The next morning the cookies looked even better! Another nice thing about royal icing is that when it dries it has a very smooth, matte finish that looks very pretty. I took them to work, all the co-workers loved them, and I thought they were pretty tasty too. I really like both the cookie and icing recipe from SprinkleBakes. The cookies are crisp and buttery, and since the icing is in a thin-layer it adds a sweet-crunchy topping that’s not too overpowering.

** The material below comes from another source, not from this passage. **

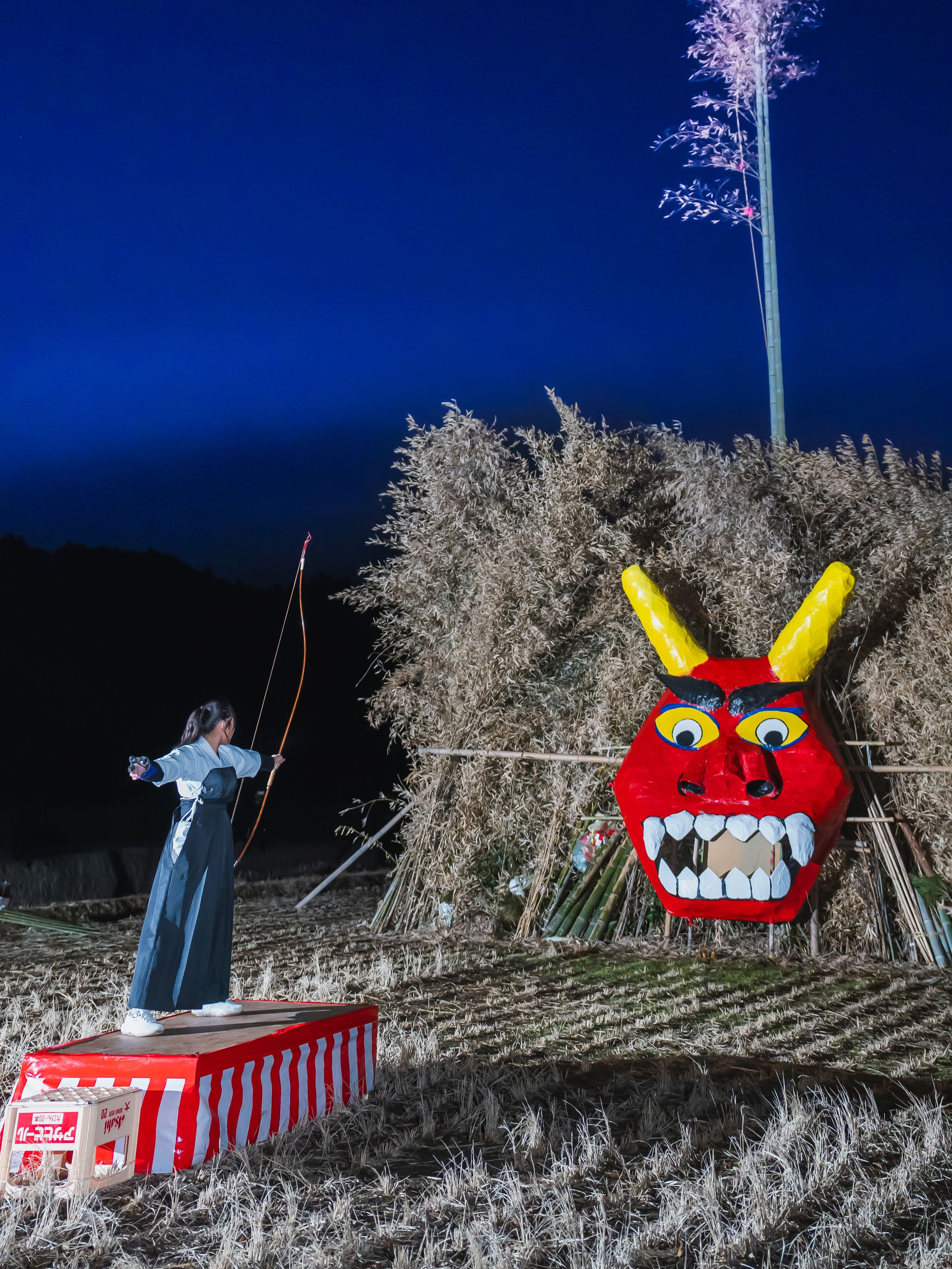 鹿児島では正月7日に大やぐらを焼いて、正月飾りについた悪霊(鬼)を追い払う鹿児島の伝統行事。 参加者は燃えさかる炎を前に、一年間の無病息災、家内安全などを祈願していました。

My final thoughts are that royal icing is a special-occasion activity. It wasn’t hard to make, but decorating takes a decent chunk of time and also my kitchen was an absolute MESS. Dried royal icing is a royal pain to wash off of things. It probably doesn’t help that I was in a nervous frenzy the whole time, but regardless there was a huge stack of dishes after everything was all done. I am glad I found a sugar cookie recipe that tastes yummy and doesn’t spread. I think that I’m just going to save the hardcore cookie decorating for the big holidays. The moral of the story is, cookies are delicious, fuck PG&E. Happy Halloween.